━━ PROVIDED ENTRIES ━━

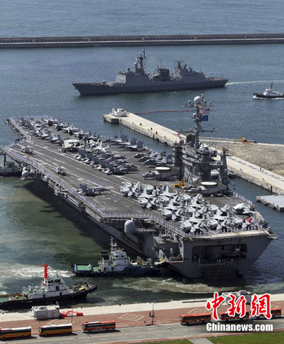 中新網(wǎng)7月21日電 據(jù)韓聯(lián)社報道,美國海軍第7艦隊的航空母艦“喬治·華盛頓”號21日抵達(dá)釜山港,準(zhǔn)備參加從25日開始的韓美聯(lián)合軍演。
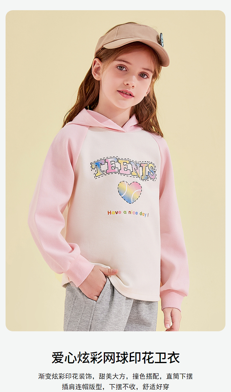 笛莎Deesha 女童卫衣2024新款时尚连帽印花卫衣
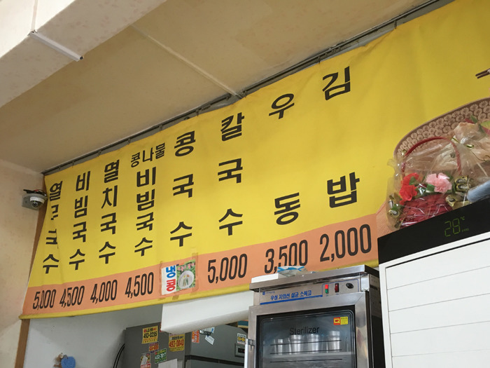 역시 8가지의 메뉴가 있는데 주로 비빔국수와 멸치국수, 김밥을 많이 드시더군요.
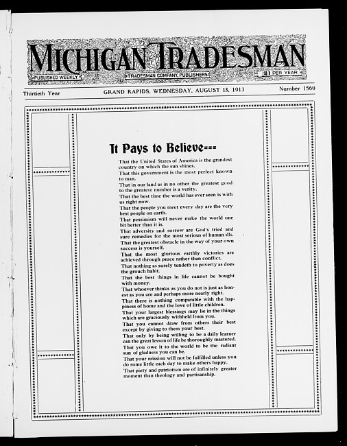Michigan tradesman. Vol. 30 no. 1560 (1913 August 13)
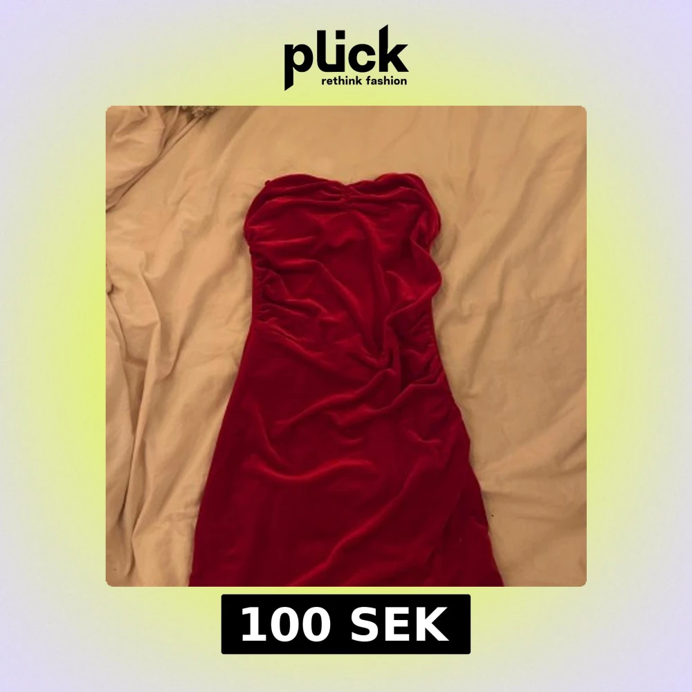 Röd klänning som har ”scrunch”, perfekt till julafton. Man kan välja att ha den med axelband eller utan band. Aldrig använd, från bikbok
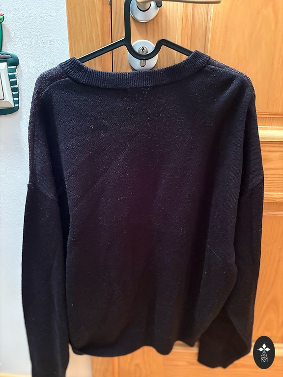 Priekšā melns, uz muguras zīmējums.
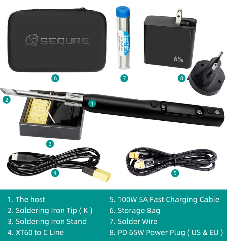 • SEQURE S99 Soldering Iron Support PD|QC|DC|PPS Power Supply Compatible with C245 Tip for Drone RC Model Welding Repair Tool Anti-static Welding Pen
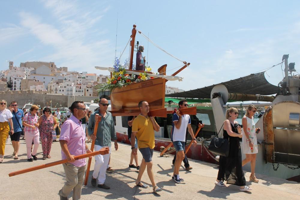 Tras la tradicional misa ha dado comienzo la procesión hasta el puerto pesquero, donde se ha celebrado, como se viene haciendo desde 2011, un homenaje a las 27 víctimas del temporal marítimo que azotó la costa de la provincia en 1911. Acto seguido los asistentes han subido a las diferentes embarcaciones para realizar el desfile por mar que rodea la península rocosa y acompañar a la imagen de Sant Pere.
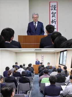 1月5日(月)「ミーティングルーム」で「仕事始め式」が行われました。 「仕事始め式」は約40名の職員が集合しました。 2026年の年頭にあたり冨永理事長から「あけましておめでとうございます。今年も責任と誇りをもって、福祉のまちづくりを推進してください。新しい1年、頑張りましょう。」と参加した職員に向けて挨拶を行いました。
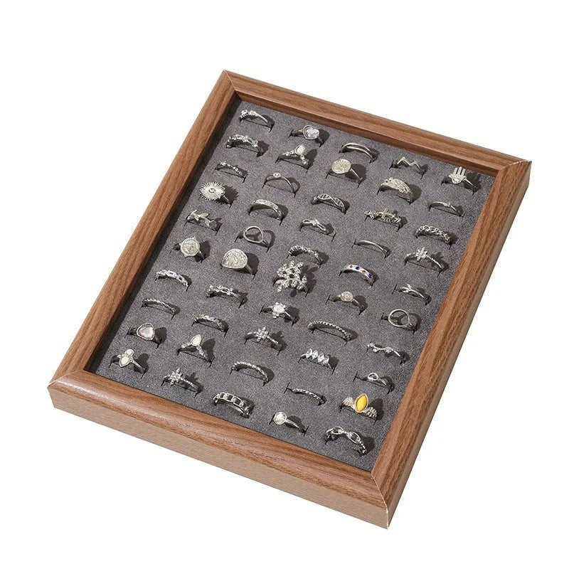 Creative Wooden Jewelry Display Tray Earring Storage Plate Jewelry Box Showcase Props Stand Wood Grain Pattern

━━━

REQUIRED ACTION:
Return only the stretch above from the line containing "Röd klänning som" through the line containing "Anti-static Welding Pen", word for word and without pictures.

EXERCISE ANSWER:
 Röd klänning som har ”scrunch”, perfekt till julafton. Man kan välja att ha den med axelband eller utan band. Aldrig använd, från bikbok
 Priekšā melns, uz muguras zīmējums.
 • SEQURE S99 Soldering Iron Support PD|QC|DC|PPS Power Supply Compatible with C245 Tip for Drone RC Model Welding Repair Tool Anti-static Welding Pen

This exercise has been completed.